López raises her eyebrows sceptically.

‘Such as coming here?’

‘Yes.’

‘What did you find?’

‘It’s way above my pay-grade to determine the extent to which I can share information—’

‘I don’t give a damn about that,’ López interrupts.

‘I need to speak to my boss,’ Saga says.

‘Go ahead.’

Saga gets out her phone and tries Joona again, and this time the call goes through.

‘Joona.’

‘At last,’ she says in Swedish.

‘Have you been trying to call?’ he asks.

‘I’ve left messages.’

‘My phone got wet,’ Joona explains.

Saga looks at the whiteboard containing the erased remnants of red, green and blue writing as she explains that she, as a Security Police agent, absolutely can’t tell him that Grace was subjected to a brutal gang rape in the Rabbit Hole.

‘She remembers the names of the perpetrators … William, Teddy Johnson, Kent, Lawrence and Rex Müller.’

‘Rex Müller?’ Joona says. ‘She named him?’

‘Yes,’ Saga replies, and smiles at López, who stares back at her blankly.

‘Which means that Rex has been identified both as a rapist and the man who’s avenging the rape.’

‘What? What are you talking about?’ Saga asks.

‘I’ve arrested Oscar von Creutz … I want to question him again, but he told me what happened and it’s pretty clear that Rex wasn’t part of it,’ Joona says. ‘They locked him in the stable while they raped his girlfriend. Oscar’s convinced that Rex is the person who’s started taking revenge on them.’

‘So Rex didn’t participate in the rape?’ Saga says.

‘No.’

López digs around in her bag and takes out dark lipstick.



‘And you don’t think he’s the murderer?’ Saga says.

‘He’s got enough money to pay someone to do it for him, but …’

‘None of this feels right,’ Saga concludes.

‘The murders have to be about what happened in the Rabbit Hole,’ Joona says. ‘We’ve got a spree killer who’s murdering the rapists one by one.’

‘But why?’

‘He must have been there.’

‘A witness?’

‘Something else,’ he says. ‘Something else must have happened, something we don’t know about, some unknown factor, a third element.’

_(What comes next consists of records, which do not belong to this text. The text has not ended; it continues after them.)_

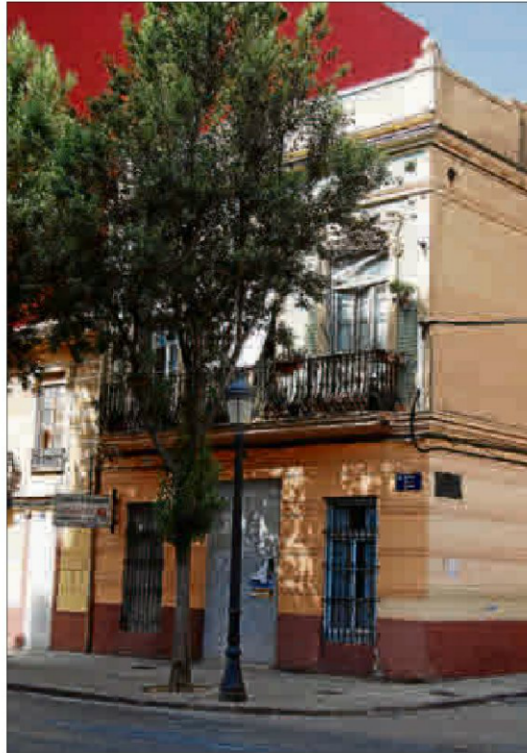
Futuro centro social del Cabanyal, ahora okupado. J.P.

Los planes que maneja el ayuntamiento pasan por atender a las familias en asuntos tan básicos como la escolaridad de los niños, el respeto por la higiene y la salubridad o las normas de convivencia, en las que también debe tener una participación directa, dijo, la Policía Local.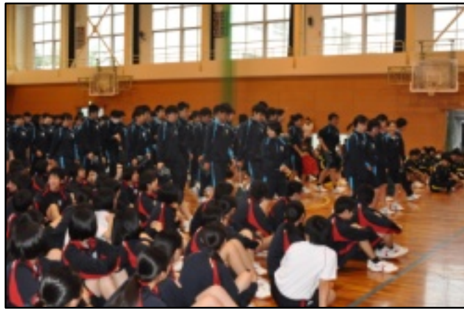
新入生の入場を拍手で迎える2、3年生＝本校体育館

五月二日(水)に歓迎遠足の予定でしたが、雨天のため体育館で歓迎行事が開催されました。開会行事で、校長先生は雨で残念ですが、生徒会も一生懸命レクリエーションを用意しているようです。今ここでしかできないことを楽しもうと挨拶されました。続いて生徒会長は、生徒会週間かけてレクリエーションを用意しました、たった半日ですが、みんなと楽しみたいと挨拶しました。次に、新転任の先生方が自己紹介をされ、メリハリのある元気いっぱいの学校生活を送りましょうと挨拶されました。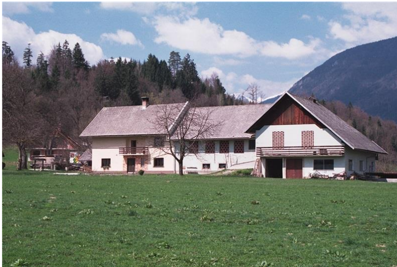
Pri Zadneku

Življenja Gorenjcev – Janez Langus (1:17.18)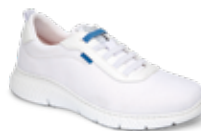
ATLANTA pág. 4 SANIDAD/HOSTELERÍA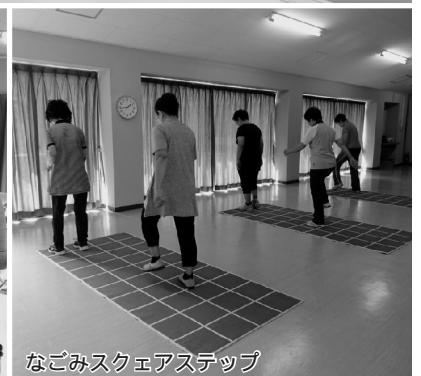
なごみスクエアステップ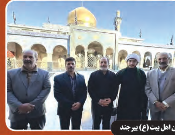
دمشق؛ میزبان موبک بر جمداران اهل بیت (ع) بیرجند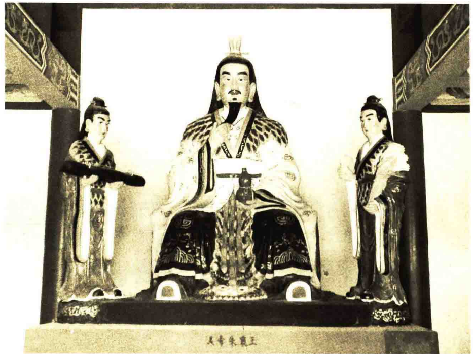
上 / 炎帝朱襄氏塑像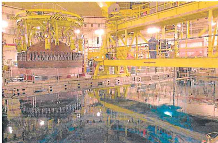
Reactor nuclear de Cofrentes, que cubre parte de la demanda energética de la Región de Murcia.

Detrás de este aumento está la 'excepción ibérica', que ha logrado reducir el precio del gas que España exporta a los países, haciendo más atractivas las compras. Aún así, España importó el doble de energía en 2022 que el año anterior. En total, compramos productos energéticos por 90.880 millones de euros, un 95% más, por el aumento de los precios internacionales de la energía, pero también por la reactivación de la economía y el transporte tras la pandemia.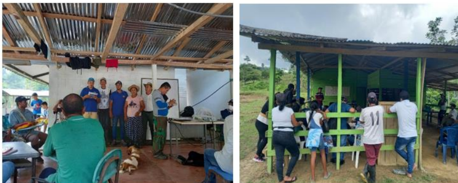
Tabla 7 Diario de campo

‘Who could it be?’ she asks.

‘We’ve got a victim and the perpetrators … but something’s missing.’

‘What?’

‘That’s what we need to find out.’

‘I’ll talk to Grace, and you talk to Rex and Oscar,’ Saga says.

‘There’s no time to lose.’

Saga ends the call, puts her phone in her pocket and turns back towards López with a smile.

‘My boss says he’ll contact you tomorrow,’ she explains.

‘I understand Swedish,’ López says coolly in English.

‘Then you already know that,’ Saga replies, and gets up from her chair.

The corner of López’s mouth twitches at her own bluff, then she nods.

‘Your boss is going to say that you should tell us everything you know.’

‘I hope so,’ Saga says.

‘I’ll pick you up from your hotel after breakfast.’

‘Thanks,’ Saga says, and walks out of the conference room.

On the ground floor she hands her visitor’s badge back in at reception, then gets into her yellow car and starts to drive back to the exclusive rehab centre.

The traffic in the suburbs has died down and the rainy Chicago sky looks like dark-grey clay by the time Saga parks the car on Timberline Drive.



Five hundred metres away she can see the lights in the security lodge and the closed gates glinting in the floodlights’ sharp glare.

Visiting hours are long over, and the patients are probably all in bed.